Le Guide Musical parle d'Enesco (1898)

Le monde musical français a été sidéré par le génie d'Enesco. L'article suivant est extrait du Guide Musical n°9 du 27 février 1898. Hugues Imbert, son auteur, était un chroniqueur et musicologue des plus respectés.

Par Alain Chotil-Fani

Un artiste d'avenir : Georges Enesco

 

Nous ne voudrions pas prononcer, au sujet du très jeune compositeur qui eut, dimanche dernier, un succès considérable au Concert Colonne, les paroles presque divinatoires de Robert Schumann sur Brahms, à l'aurore de la carrière du maître de Hambourg. Ce serait peut-être dépasser le but, que de donner à un nouveau venu dans la carrière - presque un enfant - l'auréole du génie: il y aurait également à craindre d'enlever par une louange montée sur un ton trop élevé, la modestie qui sied à un débutant.

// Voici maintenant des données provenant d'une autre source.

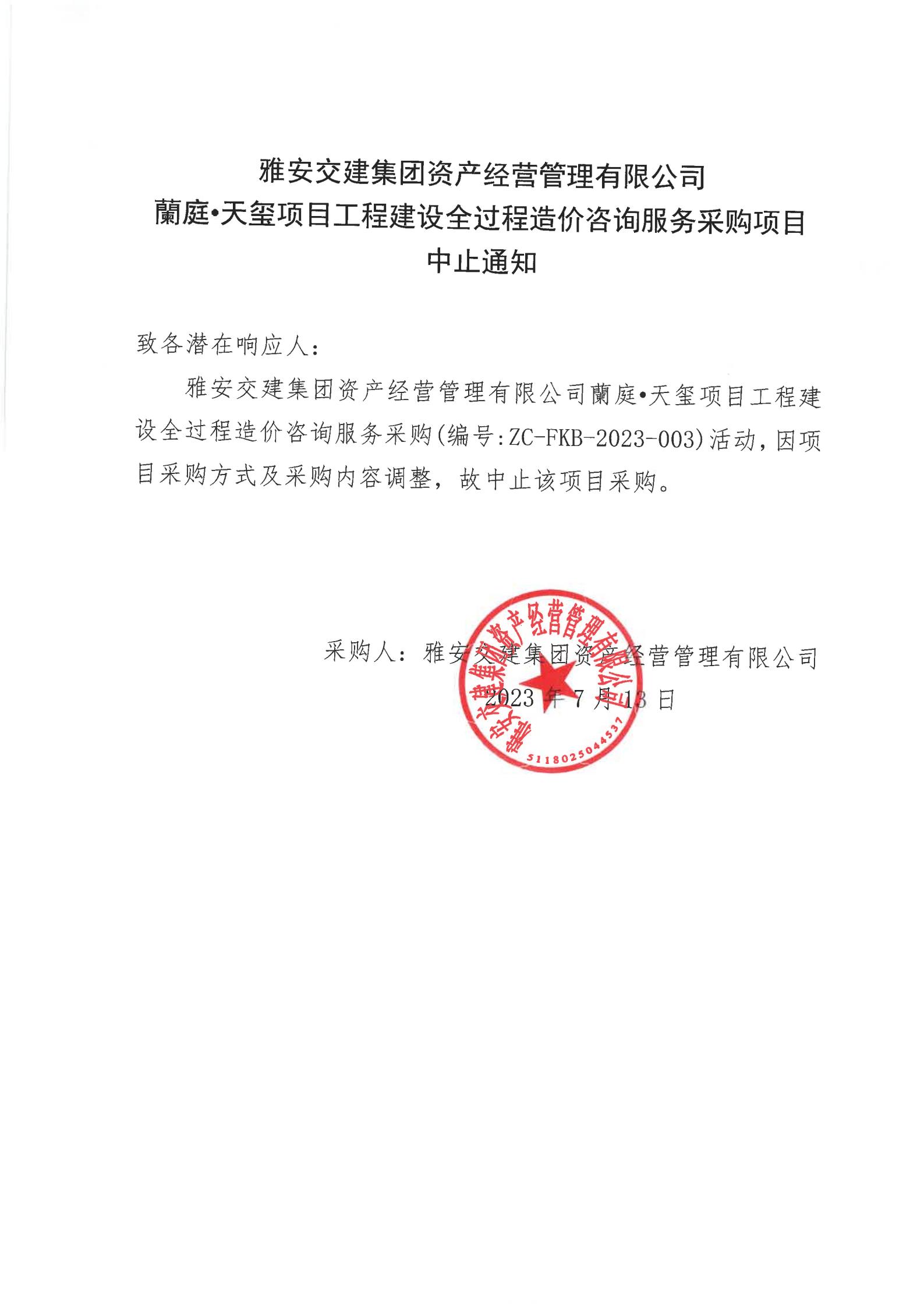 雅安交建集團(tuán)資產(chǎn)經(jīng)營(yíng)管理有限公司蘭庭·天璽項(xiàng)目工程建設(shè)全過(guò)程造價(jià)咨詢(xún)服務(wù)采購(gòu)項(xiàng)目中止通知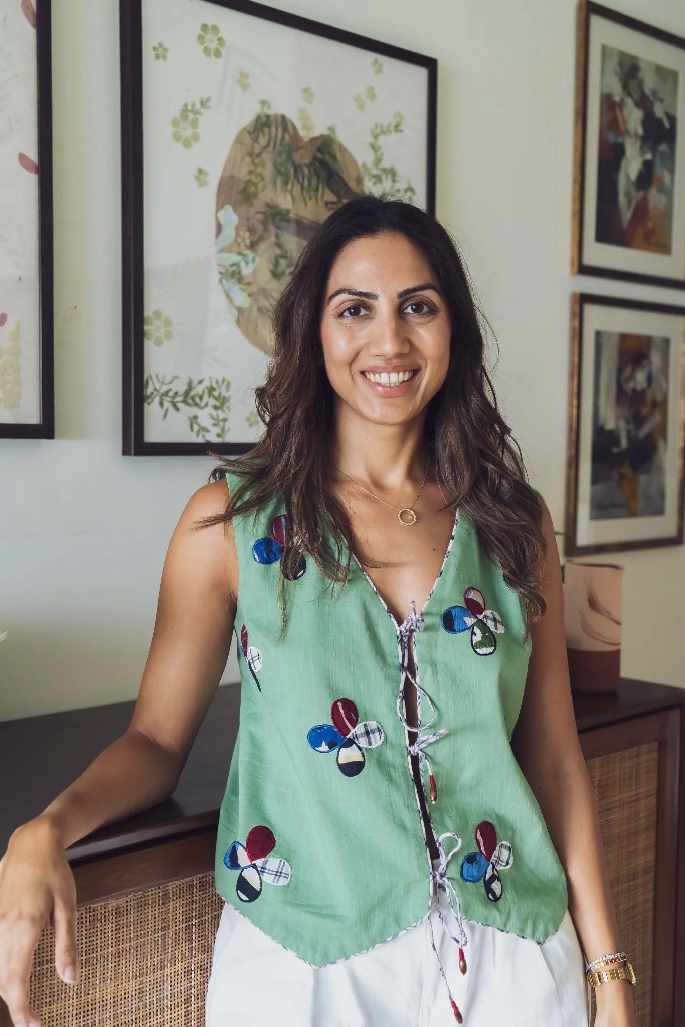 Crafted in breathable cotton and hand-dyed in seafoam green, this waistcoat features whimsical hand-cut appliqué floral motifs in bright pops of red, white, and blue—this piece is finished with a charming tie-up front and playful scalloped hem.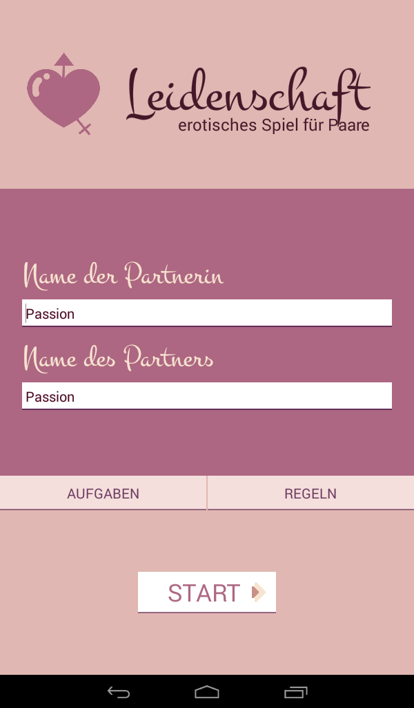 Es ist nicht wichtig, wie lange ihr schon zusammen seid, wie viele Dates ihr hattet und wie alt ihr seid. Es ist wichtig, dass ihr Sex mögt und dass ihr miteinander Zeit verbringen mögt. Diese Zeit kann man mit unserer Applikation vertreiben. Das erotische Spiel für Paare, das verschiedene Aufgaben enthält (in unterschiedliche Kategorien aufgeteilt), ermöglicht euch euren Partner besser kennenzulernen.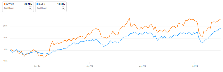 ABN AMRO (OTCPK:AAVMY) has outperformed the iShares MSCI Europe Financials ETF (EUFN) so far in 2024, delivering a total return of almost 26% against the circa 19% gain for the benchmark ETF: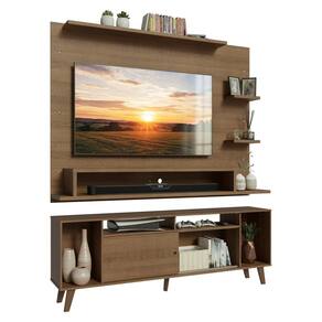 O Painel para TV comporta TVs de até 60 polegadas e conta com espaço para passagem de fios e cabos, ajudando a manter tudo organizado. O Rack possui nichos de tamanhos variados, com espaços que facilitam a organização. Os pés elevam o móvel, melhoram a sustentação e completam o visual com um toque moderno.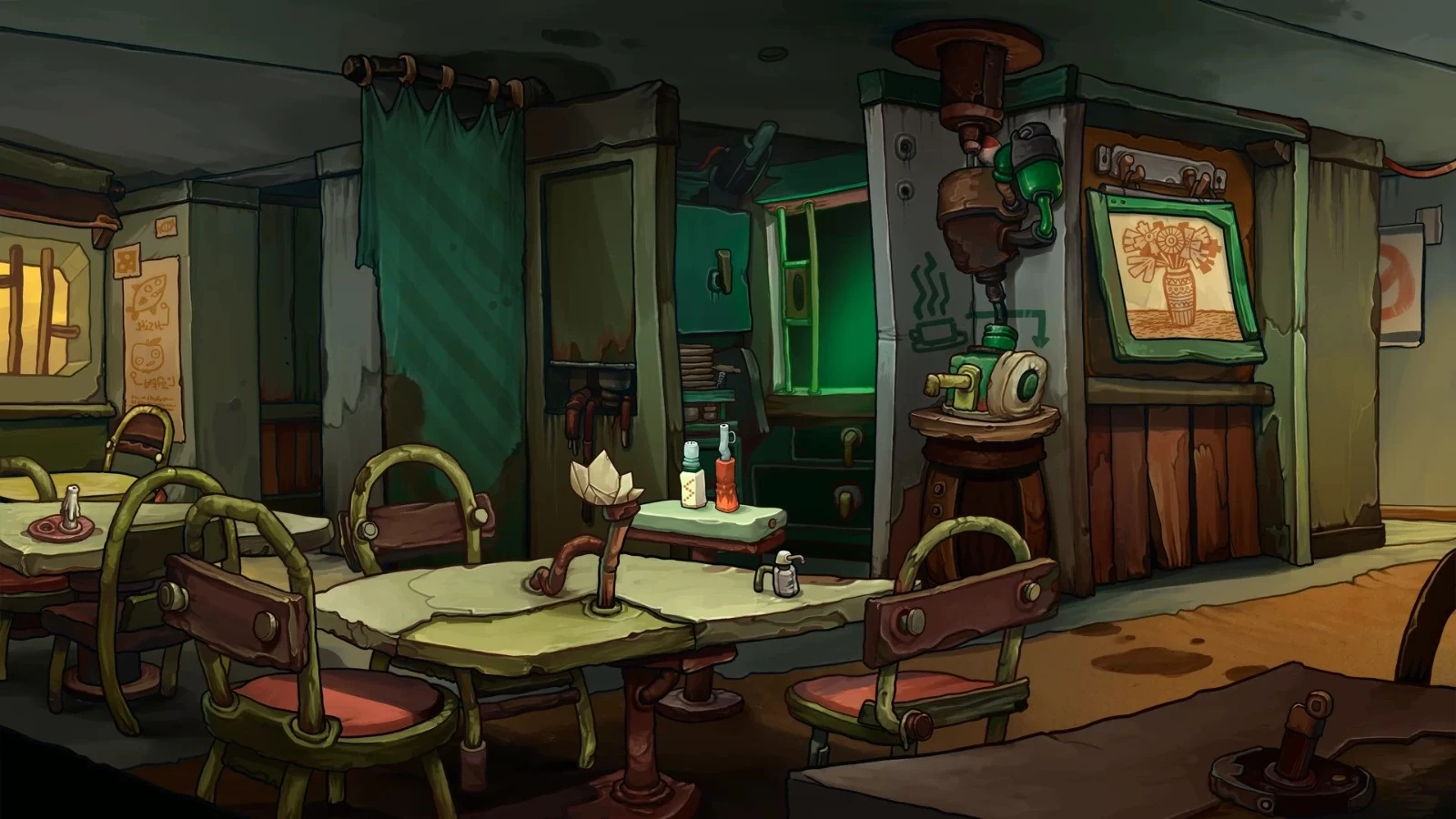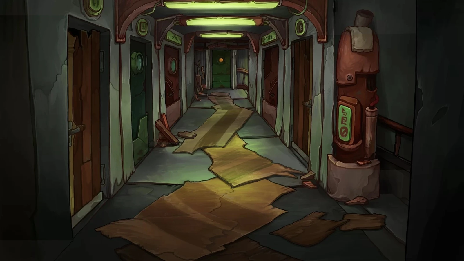 В комнатке за номерами располагается замысловатый обогревательный механизм, сила обогрева номеров зависит от количества горящих красных лампочек на его дисплее. Так же в этой комнате находится автомат по продаже пирогов и проход к балкону.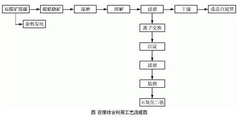 本項(xiàng)目為石煤綜合利用的項(xiàng)目。現(xiàn)有提釩工藝產(chǎn)生大量廢渣。其主要成分為二氧化硅,但其中夾帶有大量的釩資源,釩資源利用率低,同時(shí),該廢渣中堿含量較高,如將廢渣隨意堆放,易造成環(huán)境污染。本項(xiàng)目*大特點(diǎn)在于利用現(xiàn)有提釩工藝中的提釩二次渣作為制備沉淀法白炭黑的主要原料,將廢渣中的硅資源得到充分利用。為企業(yè)創(chuàng)造了新的經(jīng)濟(jì)增長(zhǎng)點(diǎn),同時(shí),解決了現(xiàn)有提釩生產(chǎn)中造成的釩資源浪費(fèi)和環(huán)境污染問題,此外,該項(xiàng)目利用現(xiàn)有提釩生產(chǎn)線脫碳工序中產(chǎn)生的余熱作為加熱熱源,取代了傳統(tǒng)工藝以煙煤為主要燃料的方法,即對(duì)生產(chǎn)中產(chǎn)生的余熱得到了有效合理的利用,又進(jìn)一步降低了產(chǎn)生的燃料成本,達(dá)到了節(jié)能減排,資源綜合利用的目的,工藝流程框圖如下。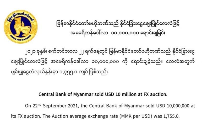 此前缅甸央行在7月共分12次投放了3900万美元,在8月共分7次投放了2800万美元,在5月共分4次投放了2400万美元,4月和6月则都是投放了1200万美元。近日,缅甸央行还表示,目前投放的美元将优先投放到食用油、燃油、医药用品等行业的进口企业。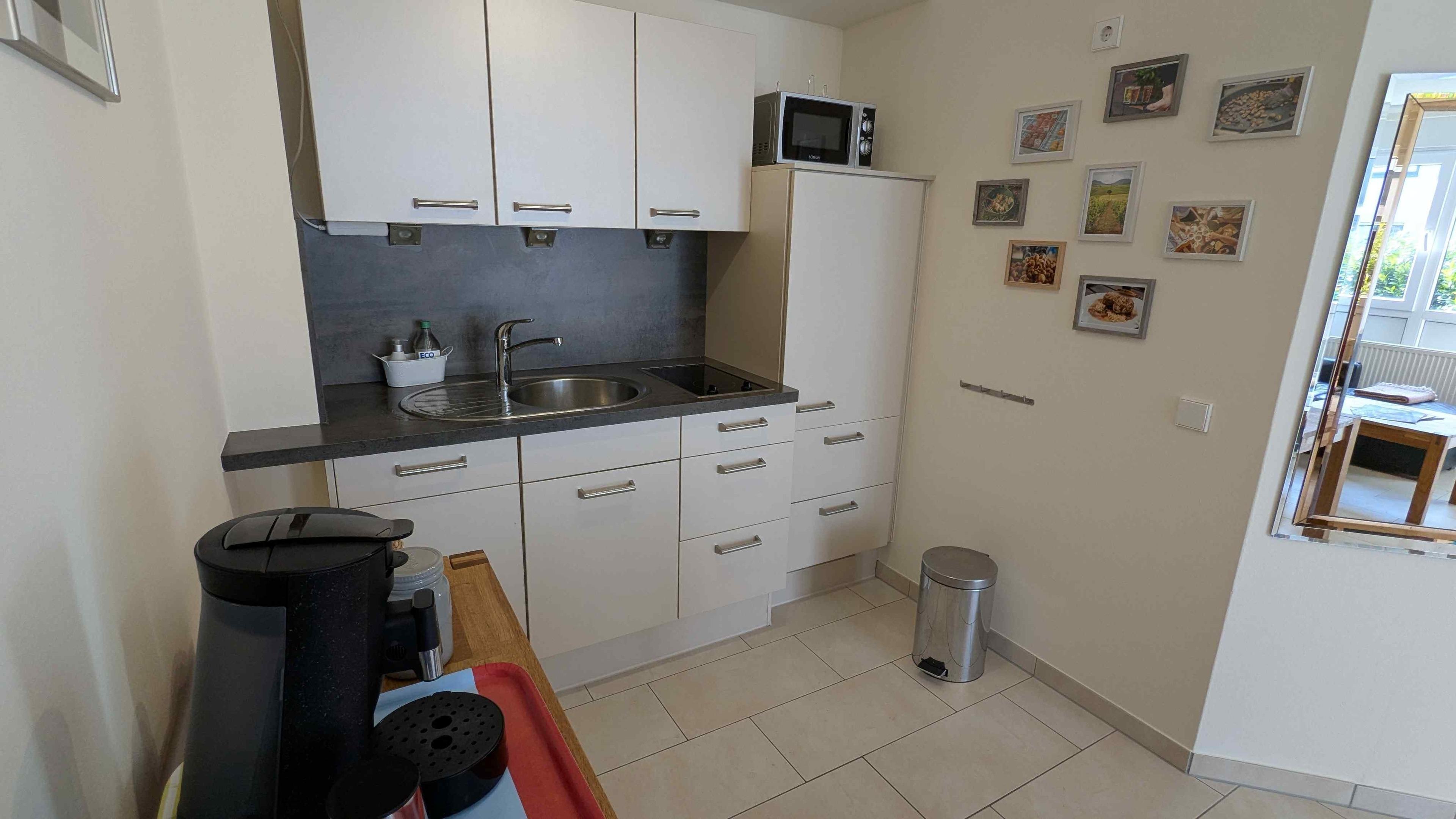 Moderne Einbauküche, komplett ausgestattet inkl. Spülmaschine, Glaskeramik-Kochfeld, Mikrowelle, Senseo-Kaffeemaschine und Wasserkocher. Esstisch mit Sitzgelegenheit für 4 Personen und bei Bedarf zusätzlich 2 Kinderhochstühle.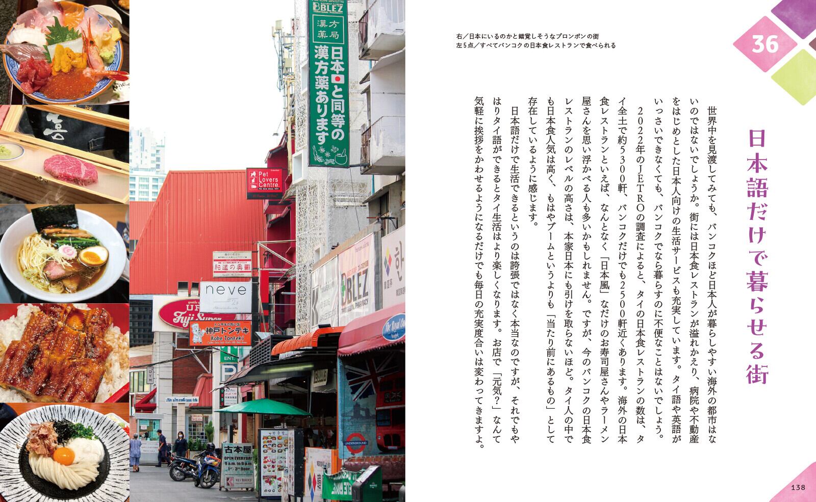 人に興味を持ち、気軽に手を差し伸べる。社会全体で子どもを大切にする。本名を知らなくてもニックネームで呼び合う。血液型より曜日で占いをして、大事なことを決める。接客は座ったままでいい。汁物もパンパンの袋で持ち帰り、食堂では自分で調味料を使いこなして味変を楽しむ。四季はないけど旬のフルーツで季節を感じとる。そんな、日本でも見習いたい考え方から、タイならではのユニークな風習まで、衣食住さまざまな角度からタイ暮らしの魅力を探ります。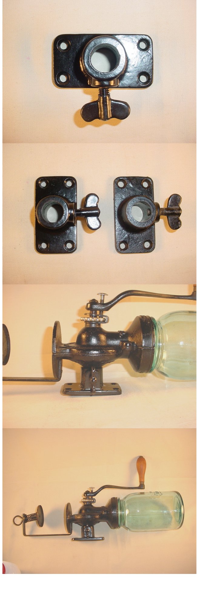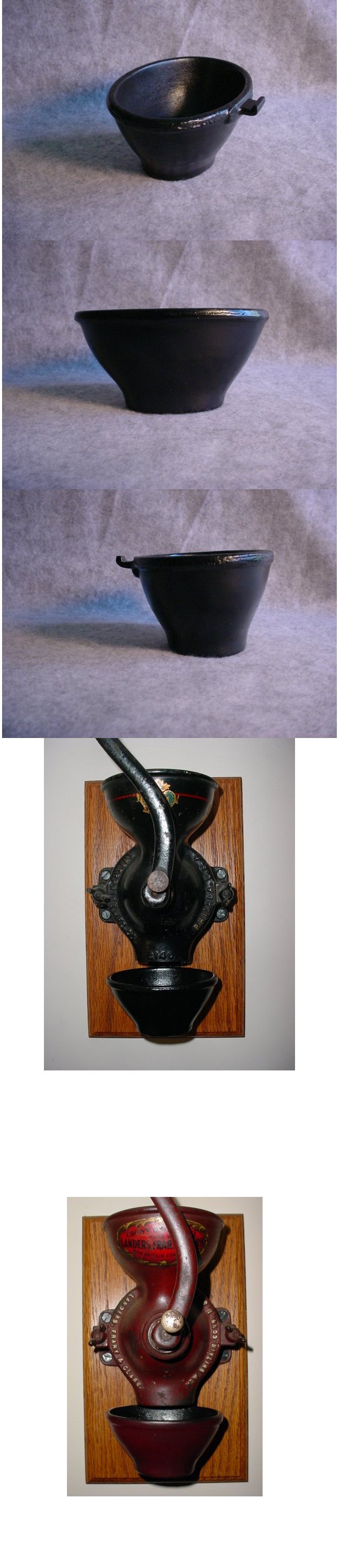 | This is a cast alloy copy of the wall mounting bracket for a Landers Frary and Clark Universal No. 24. coffee grinder. It will complete your grinder and allow you to mount it as it was originally designed. When you click on the picture it is shown beside an original mount (which is on the right) in the second picture and mounted on a No. 24 in the last two pictures | Temporarily out of stock |

Puis, nous ne sommes pas Schumann, et M. Georges Enesco ne sera peut-être jamais un Brahms ! Et cependant, lorsque, l'hiver dernier, sollicité par des mais, nous nous sommes rendu à leur invitation pour assister à l'exécution d'un Quintette pour piano et cordes que ce jeune prodige avait composé à l'âge de quatorze ans, nous fûmes absolument frappé par la maîtrise qui régnait dans l'œuvre. Certaines affinités, dans la présentation de tels ou tels passages des cordes, dans le style, dans la couleur générale de cet ouvrage, avec le faire de Brahms avaient attiré spécialement notre attention. Aussi ne fûmes-nous pas surpris lorsque, interrogé par nous à la fin de la séance, le jeune Georges Enesco nous avoua qu'il avait connu le grand maître symphoniste à Vienne, où il fit ses premières études musicales, et qu'il avait étudié longuement son oeuvre.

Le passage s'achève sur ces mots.